The prime factors of 13195 are 5, 7, 13 and 29.
What is the largest prime factor of the number 600851475143 ?

Approach:

Every integer greater than one has a unique prime factorization. This means that each integer greater than one can be represented as a unique product of prime numbers. For example, the number 5,784 can be written as:

\[2^3\times 241\]

Where 2 and 241 are prime. Likewise, the number 54,887,224 can be written as:

\[2^3\times 7 \times 53 \times 18493\]

Where 2, 7, 53, and 18493 are prime. For this problem, our goal is to find the largest prime factor of the number 600,851,475,143. An interesting thing to note is that the mathematician F. N. Cole, back in 1903, found the prime factorization of the number 147,573,952,589,676,412,927, which is 193,707,721 × 761,838,257,287. It took him three years worth of effort to do so. While our number is not quite as large as Cole’s, such problems today are trivial. Computer algebra systems such as Mathematica can factorize large numbers very quickly. What took Cole 3 years back in 1903 now takes less than a second today.

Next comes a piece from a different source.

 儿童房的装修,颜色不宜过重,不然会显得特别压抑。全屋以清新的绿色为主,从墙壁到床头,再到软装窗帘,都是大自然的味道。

We have some discretion in our approach to solving this problem. You can probably use Mathematica to solve it with a single line of code. On the other hand, if you’re using a bare programming language like C++, you would probably need to write more code. Your choice on what to do depends on what you want to learn from solving the problem. I had previously solved this problem using VBA which first involved creating a list of prime numbers, using the list to find the prime factors of 600,851,475,143, and then selecting the largest one as my answer. With R, I’ve taken a middle approach, compromising between arriving at an immediate answer with a computer algebra system and having to create a list of primes from scratch. In this case, I used a list of primes I found off a website and saved them into a file called primes.csv. My mental outline is as follows:

1. Obtain a list of prime numbers
2. Find which of these prime numbers divide 600,851,475,143 evenly.
3. Of the primes that divide 600,851,475,143 evenly, find the largest one.

Solution:

primes <- sort(as.vector(as.matrix(read.csv("primes.csv",header=FALSE))))
max(primes[which(600851475143 %% primes == 0)])

1 2	primes <- sort(as.vector(as.matrix(read.csv("primes.csv",header=FALSE)))) max(primes[which(600851475143 %% primes == 0)])

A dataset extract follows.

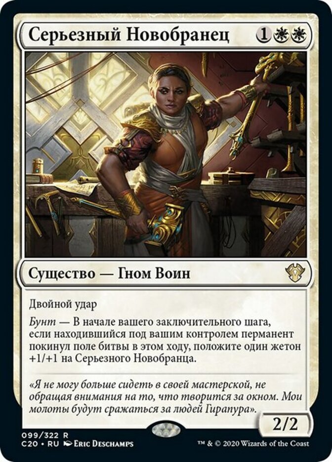 | Rules | Double strike Revolt — At the beginning of your end step, if a permanent you controlled left the battlefield this turn, put a +1/+1 counter on Solemn Recruit. |

The first line does five things. First, it imports the list of prime numbers as a data frame, then converts the data frame into a matrix, then converts the matrix into a vector, and then sorts the primes within the vector in ascending order. This vector is then assigned to the variable primes. The second line accomplishes three things. The which() function returns the indices of the elements that divide 600,851,475,143 evenly. These indices are then used to extract the corresponding elements of the vector primes. Finally, the function max() returns the largest of these primes, giving us the answer, 6857.

I thought this answer would avoid the tedium of having to calculate each prime myself, but was not so trivial that I could find the answer without learning anything. I thought this method was a good way to demonstrate the use of indexing to find the solution.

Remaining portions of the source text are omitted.